Single bit error (SBE) event

Action : Contact your HP support representative to check the memory boards. Really?????
That repaired error bit rightly simply why be ?
How must you handle?




>------------ Event Monitoring Service Event Notification ------------<

Notification Time: Tue Aug 9 18:07:44 2005

server sent Event Monitor notification information:

/system/events/memory/49 is >= 4.
Its current value is CRITICAL(5).



Event data from monitor:

Event Time..........: Tue Aug 9 18:07:43 2005
Severity............: CRITICAL
Monitor.............: dm_memory
Event #.............: 4500
System..............: lion01

Summary:
Memory Event Type : Single bit error (SBE) event. A correctable single
bit error has been detected and logged.


Description of Error:

The memory component:

Cell/Node: 0
MC/EXT: 0
DIMM: 0b

is experiencing an excessive number of single bit errors.

Probable Cause / Recommended Action:

Although the single bit errors are being corrected, it is strongly advisable
to evaluate whether any memory replacement is warranted at this time. This
condition indicates a potential problem.

Additional Event Data:
System IP Address...: xx.xx.xx.xx
Event Id............: 0x42f8726000000000
Monitor Version.....: B.01.00
Event Class.........: I/O
Client Configuration File...........:
/var/stm/config/tools/monitor/default_dm_memory.clcfg
Client Configuration File Version...: A.01.00
Qualification criteria met.
Number of events..: 130
Received within...: 7 day(s)
Associated OS error log entry id(s):
None
Additional System Data:
System Model Number.............: 9000/800
EMS Version.....................: A.03.20
STM Version.....................: A.24.00
Latest information on this event:
http://docs.hp.com/hpux/content/hardware/ems/dm_memory.htm#4500

v-v-v-v-v-v-v-v-v-v-v-v-v D E T A I L S v-v-v-v-v-v-v-v-v-v-v-v-v



Component Data:
Message in ll_msg (set: 50 msg: 10) did not exist in catalog.
Catalog type is MONITOR_INFO
Catalog version is A.01.00
Module name is dm_memory
Message set number is 50
Message number is 10
Message size is 72
Message parameter 1:
Message parameter size = 12
Message parameter is a literal
Literal text is 49
Message in ll_msg (set: 50 msg: 11) did not exist in catalog.
Catalog type is MONITOR_INFO
Catalog version is A.01.00
Module name is dm_memory
Message set number is 50
Message number is 11
Message size is 72
Message parameter 1:
Message parameter size = 12
Message parameter is a literal
Literal text is 20


>---------- End Event Monitoring Service Event Notification ----------<
6 REPLIES 6
lawrenzo
Trusted Contributor

Re: Single bit error (SBE) event

indicating a possible memory issue with the hardware

check cstm:

echo "selclass qualifier memory;info;wait;infolog" | cstm

syslog and dmesg for further errors - if you have support contact HP and replace fauly memory
hello
Mel Burslan
Honored Contributor

Re: Single bit error (SBE) event

This is a no-worries kind of error unless the output you get from the cstm command from the previous post keeps changing and error counts get increasing constantly. If the error counts change by one every once in a blue moon, it really is not something to worry about. Otherwise, you really need to log a support call and in the call, give them the cstm output so that they can locate the module which is failing.
________________________________
UNIX because I majored in cryptology...
Joseph Loo
Honored Contributor

Re: Single bit error (SBE) event

hi,

not to worry, unless the error reported for the memory is exceeding thousands. refer to "Memory Error Log Summary" in stm for info.

for more info:

http://www2.itrc.hp.com/service/cki/docDisplay.do?docLocale=en_US&docId=200000080081538

sometimes, a reboot of the system does clear this error as it may be some application in the system which has cause problem during memory allocation process. but that do not happen too often.

regards.
what you do not see does not mean you should not believe
Sreedhar Nathani
Valued Contributor

Re: Single bit error (SBE) event

Hi,

SBE(Single Bit errors) are normally correctable errors by the hardware.

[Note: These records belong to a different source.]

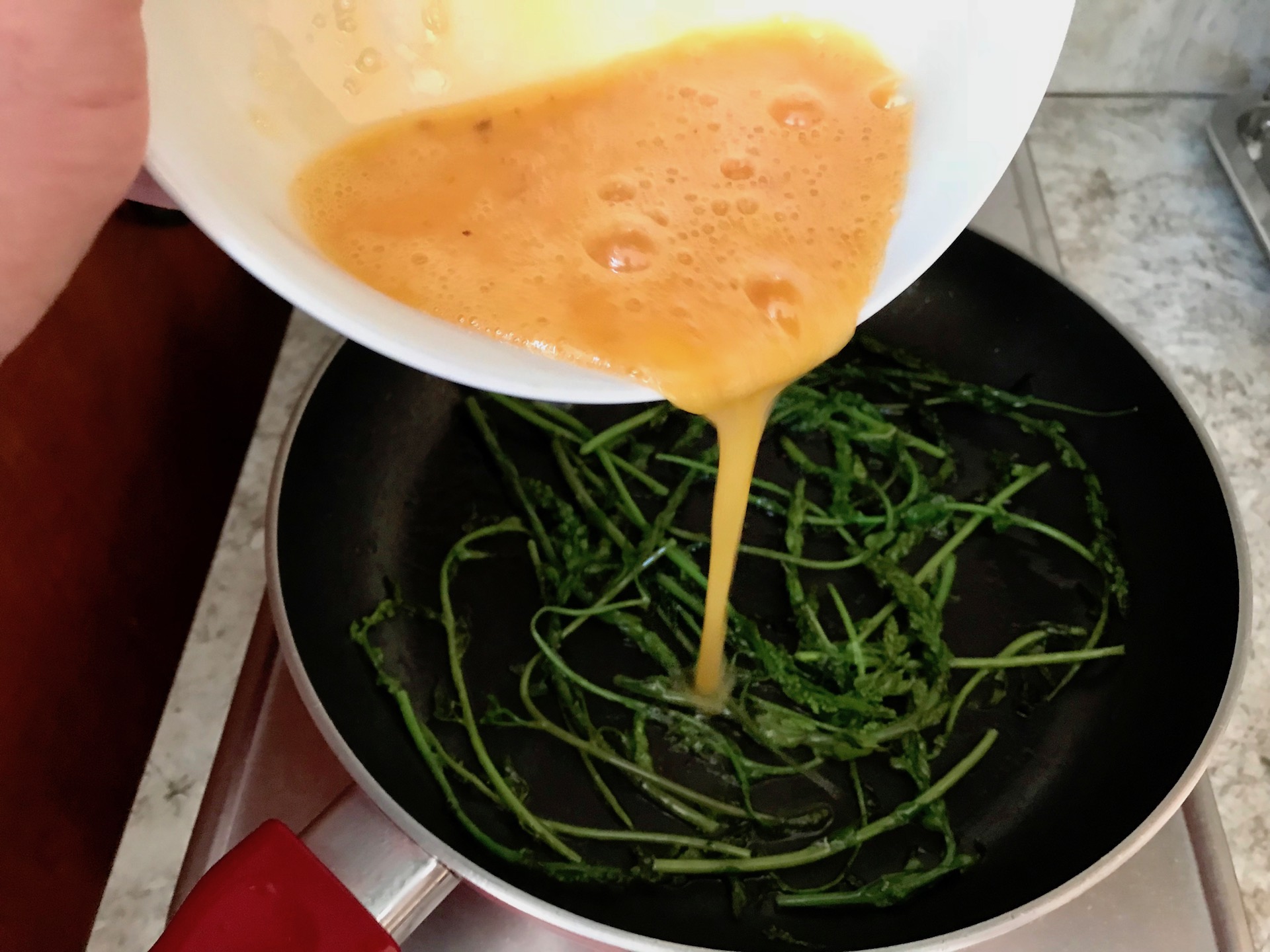 Przygotowanie omleta: Do krótko przesmażonych dzikich szparagów wlej masę jajeczną. Ogień pod patelnią powinien pozostać na średnim poziomie. Rozlej masę jajeczną po patelni kolistym ruchem, aby pokryła wszystkie szparagi. Smaż omleta powoli.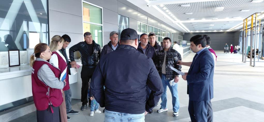 Бонувони Хадамоти муҳоҷират бо як ҳисси баланди масъулиятшиносӣ дар “Фурудгоҳи байналмилалии шаҳри Душанбе” корҳои фаҳмондадиҳиро дар байни муҳоҷирони ба ватан бозгашта ҷоннок намуда истодаанд.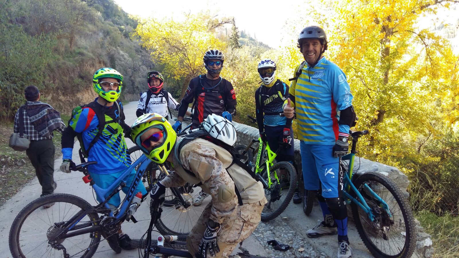 Una vez que acabamos todos, seguimos bajando otro poco, antes de meterle a una subida. Es corta y dura, pero yo no le tiro, no tengo ganas; otros como Hugo, Zorro, Cecílio y Pablo si que le tiran.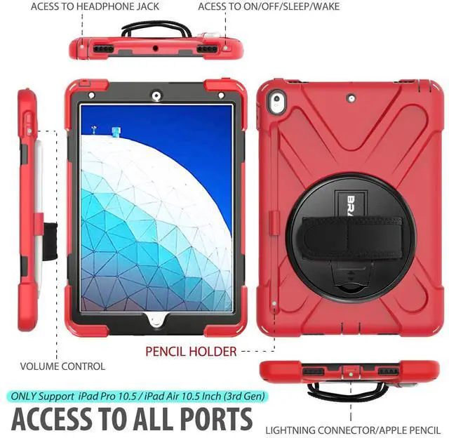 360 Rotating Stand and Hand StrapLocated on the back of iPad Pro 10.5 inch case, built-in 360 rotating kickstand and adjustable handle hand grip provide a more flexible and convenient way to use your tablet during work ,study or journey, ideal for students,teachers,engineers.

What it means, when accessing a particular address on the memory there was a problem with address, OS marked that address is bad and it uses different address.

When a SBE error encounted on a memory module its address is released from the OS and updates in the PDT table, so that that address won't be used in future. For some reason if system is not able to deallocate that address, if any other process tries to use the same address again you will get the EMS Message.

when you reboot the server, that address will be updated in the PDT table(which can't be released by the OS) so it won't use by OS in future.

Incase you are seeing this messages on the same memory module and same memory address then reboot the system will resolve the problem.

Incase you are seeing this message on the same module and different address, then you may needs/plan to replace the DIMM.

You can find whether SBE is coming in same address or not from this commands.
#
cstm>ru lo
logtool>VD ** view the entire memory log
logtool>VDA **View errors pertaining to deallocated memory errors

Note : DBE(Double bit error) will occur if 2 adjust memory address are having the problem and will cuase system to do HPMC

Hope this helps
Rick Garland
Honored Contributor

Re: Single bit error (SBE) event

With Single Bit Errors, these are correctable memory errors.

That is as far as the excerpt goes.